Unlike many of the Utah artists who had trained in France, where colors were used in bright, often undiluted strength, Stewart was concerned with close observation of nature. When not in the classroom teaching, he could be found in the fields near his home in Kaysville painting in plein air. Stewart is perhaps the most prolific of Utah artists, making thousands of paintings over his 90-year life. But, by his own admission, his best works were produced during the 1930s, when he was closest to Maynard Dixon.
Maynard Dixon (1875-1946) Desert Horizon (1937) Private Collection.
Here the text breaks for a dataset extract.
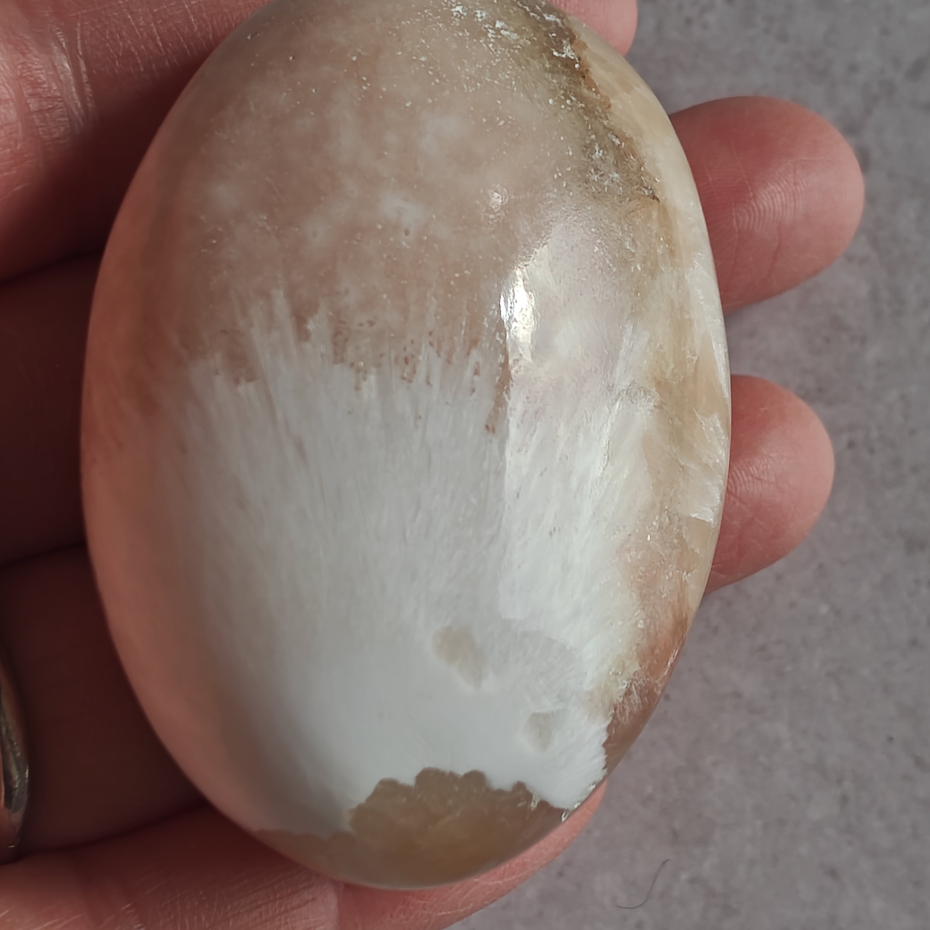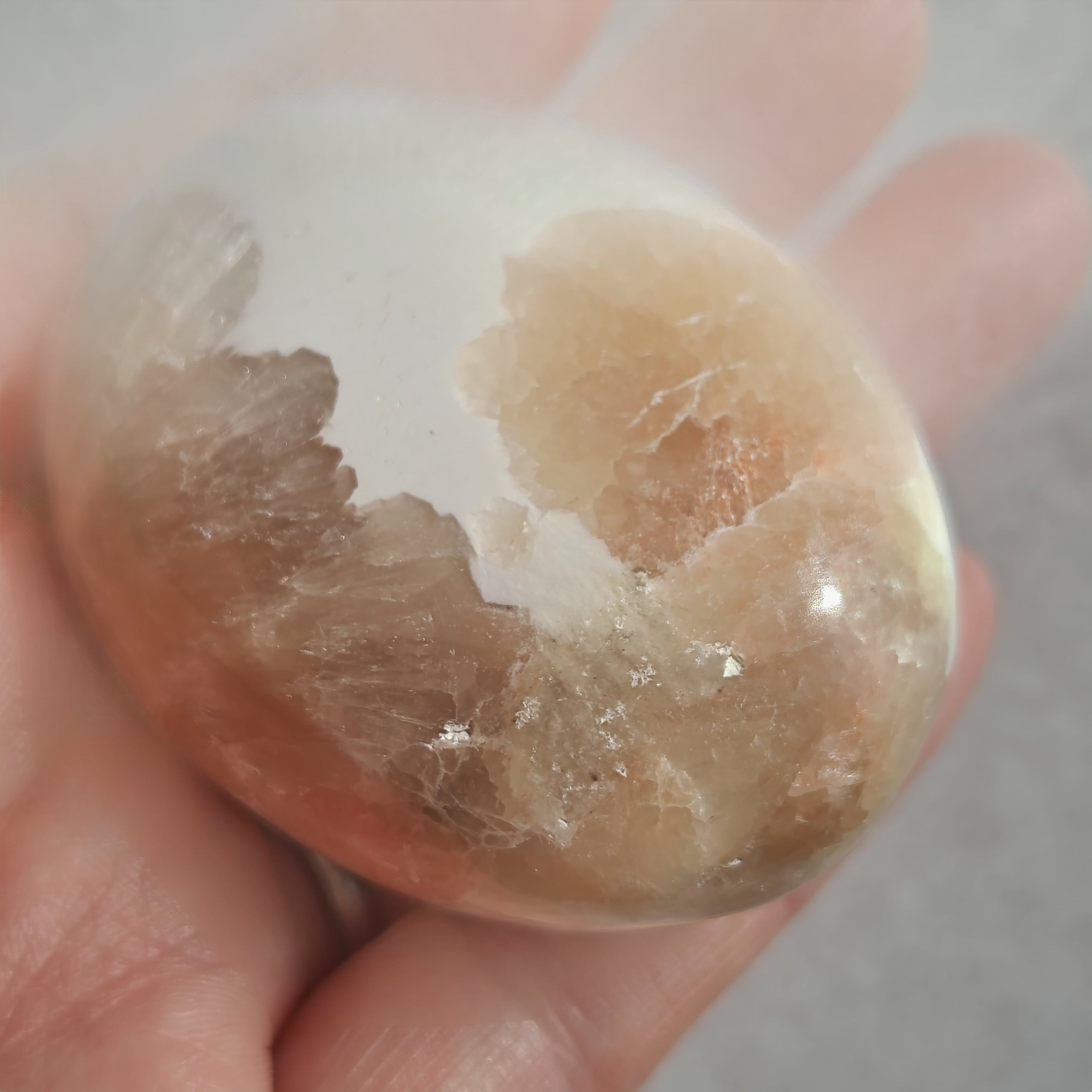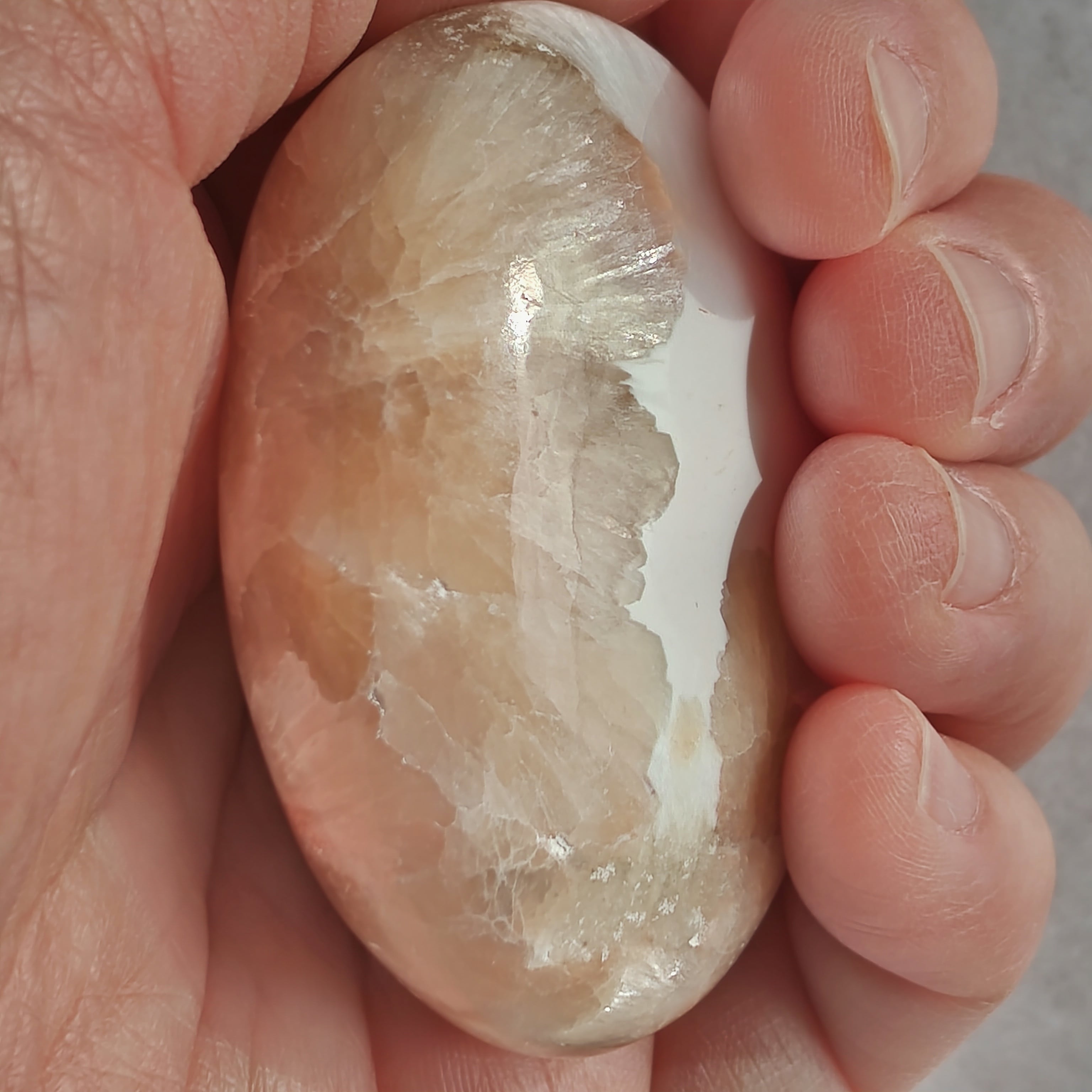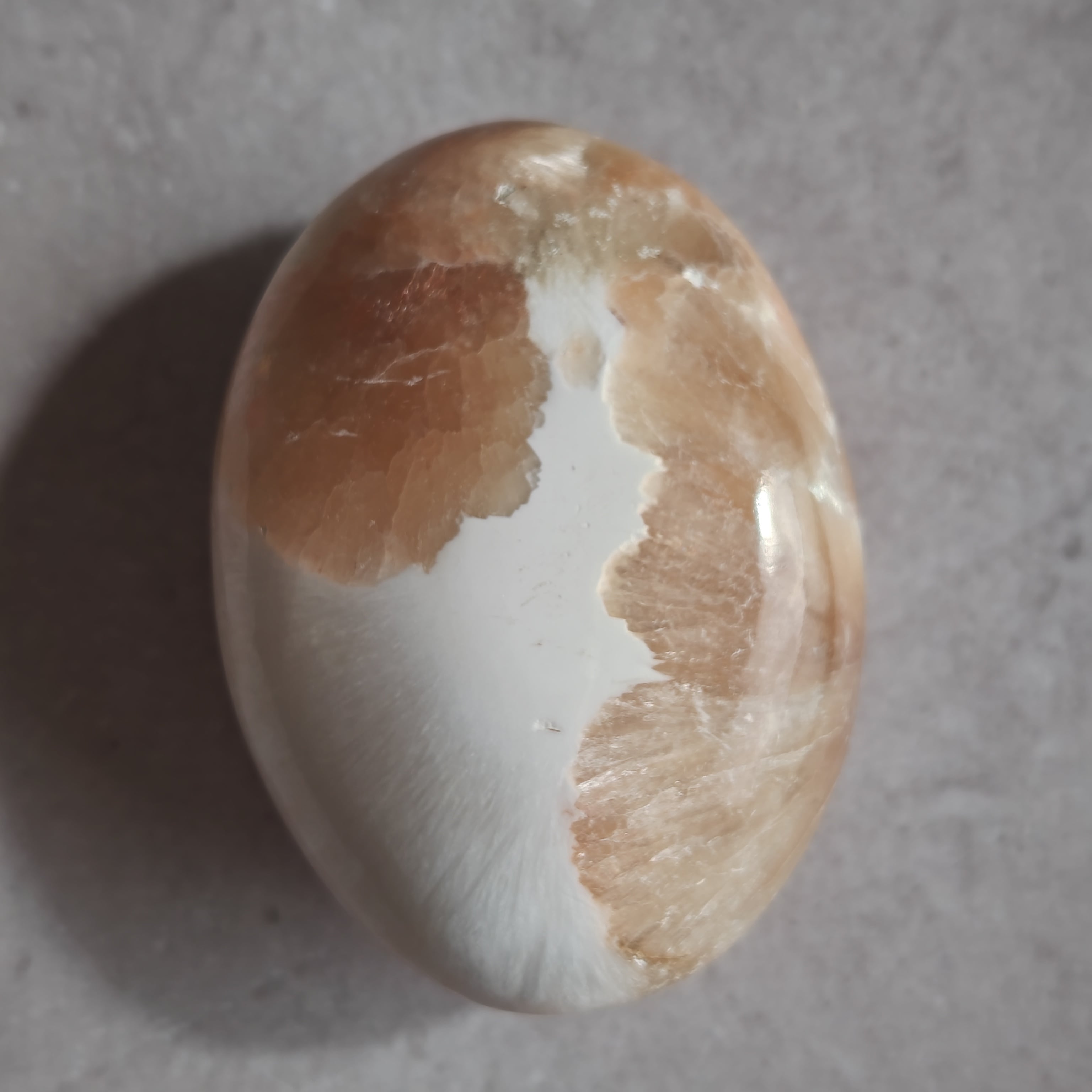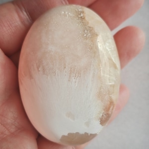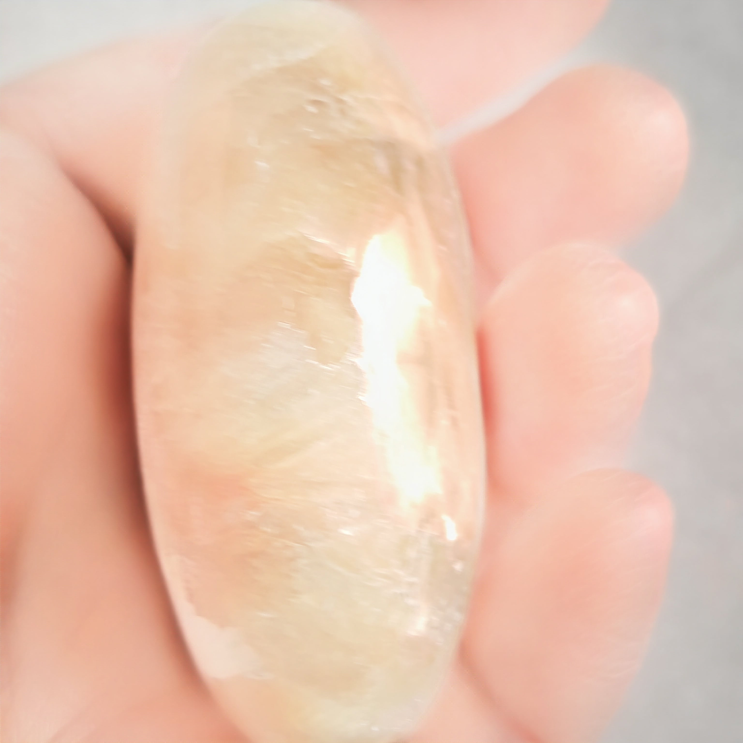やさしい色の重なりが、手のひらに触れた瞬間から心をほっと溶かしてくれるような握り石です。瞑想・就寝前・お守りに最適。

Some fifteen years Stewart’s senior, Dixon had gained fame first as an illustrator for books and magazines, then as a fine figure and landscape artist. He was well known for exaggerating natural shapes and colors in a way that romanticized the grand spaces and unlikely geology of the West. However, around the time of Stewart’s painting of “Bucket of Blood,” Dixon was experimenting a more observational naturalism, as can be seen in Desert Horizon (1937). At this point whether he was influencing Stewart or Stewart was influencing Dixon is unknowable. By this time, the two artists had known each other for more than 20 years, and Dixon had settled in Utah. Their works were becoming increasingly similar in palette, composition, and subject up to Dixon’s death in 1946.